Data section START

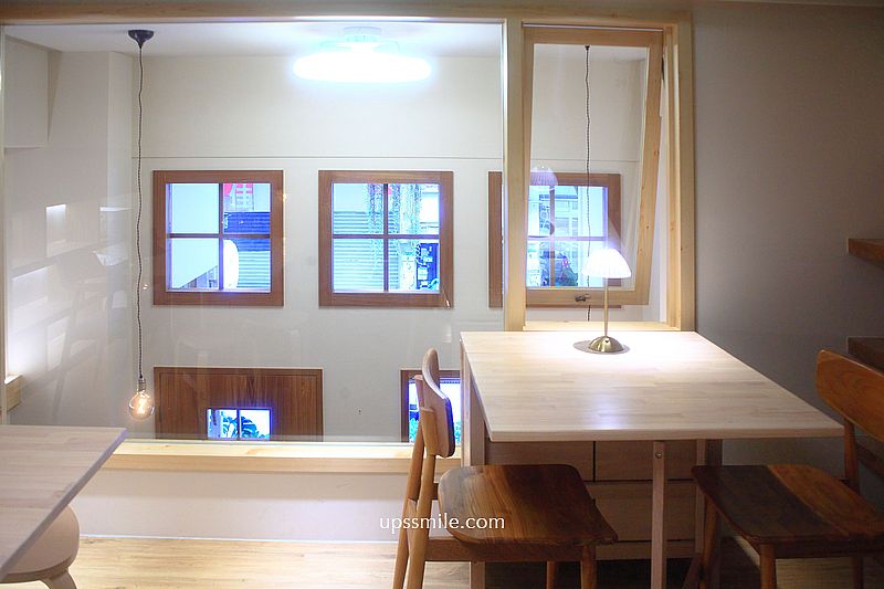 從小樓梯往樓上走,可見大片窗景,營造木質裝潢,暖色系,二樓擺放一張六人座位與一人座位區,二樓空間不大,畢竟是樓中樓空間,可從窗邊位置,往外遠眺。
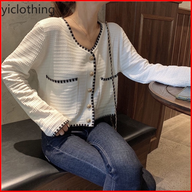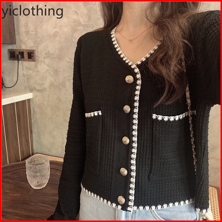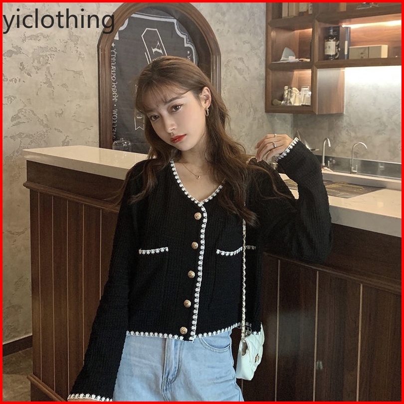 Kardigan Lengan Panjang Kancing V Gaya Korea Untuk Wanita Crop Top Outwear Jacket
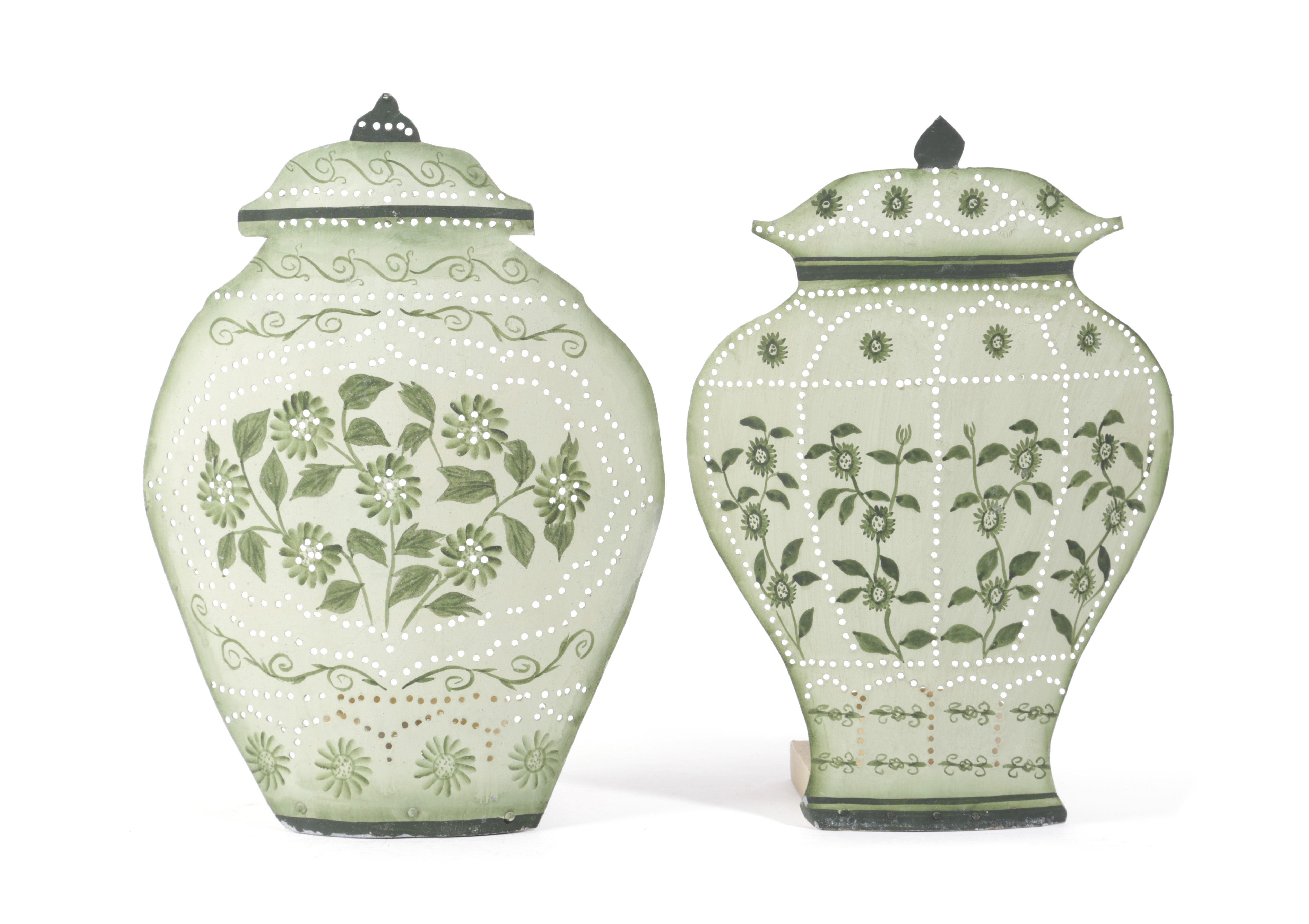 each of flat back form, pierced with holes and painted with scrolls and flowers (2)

Data section END
Data section START

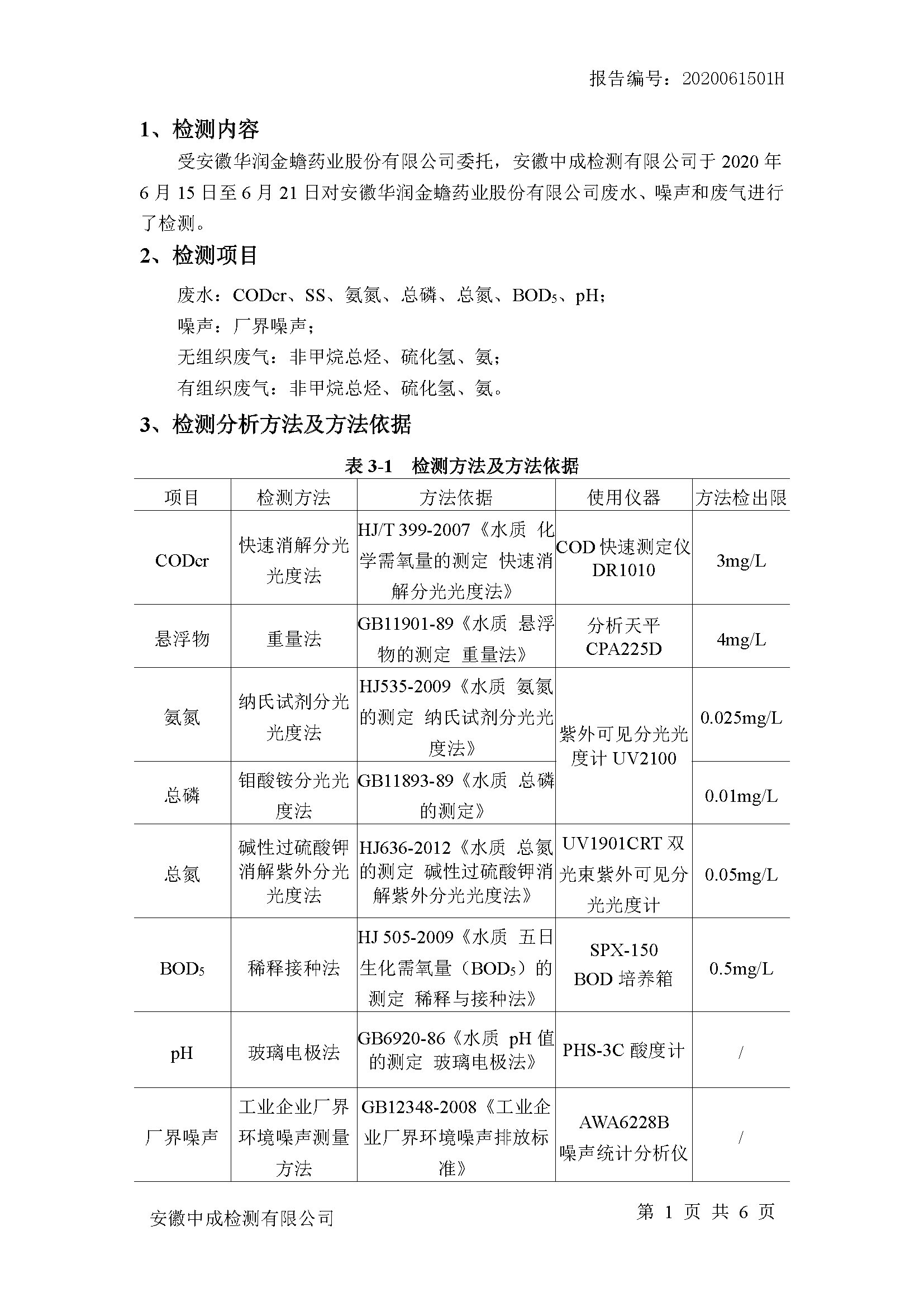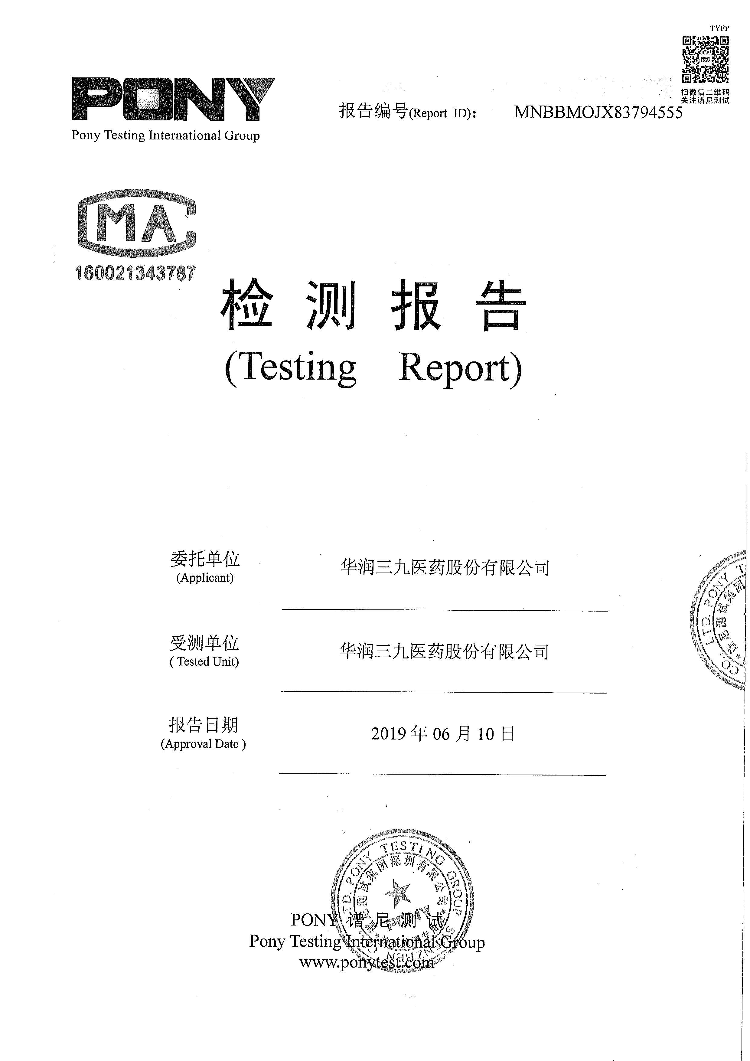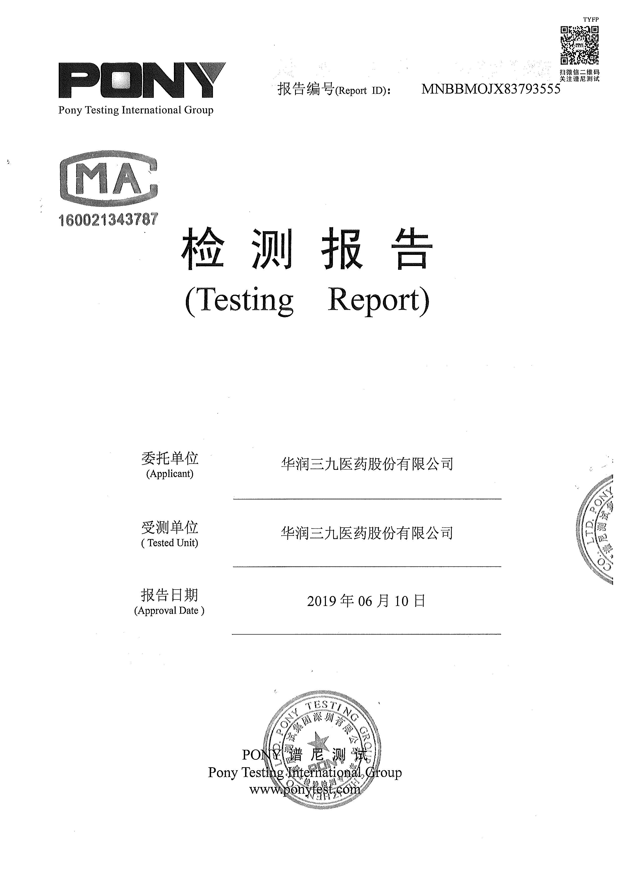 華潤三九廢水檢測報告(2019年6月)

Data section END

▶ Problem to work on:
Extract the part of the records that opens with the line containing "從小樓梯往樓上走,可見大片窗" and closes with the line containing "each of flat". Take only those lines, exactly, and no pictures.

▶ Task solution:
 從小樓梯往樓上走,可見大片窗景,營造木質裝潢,暖色系,二樓擺放一張六人座位與一人座位區,二樓空間不大,畢竟是樓中樓空間,可從窗邊位置,往外遠眺。
 Kardigan Lengan Panjang Kancing V Gaya Korea Untuk Wanita Crop Top Outwear Jacket
 each of flat back form, pierced with holes and painted with scrolls and flowers (2)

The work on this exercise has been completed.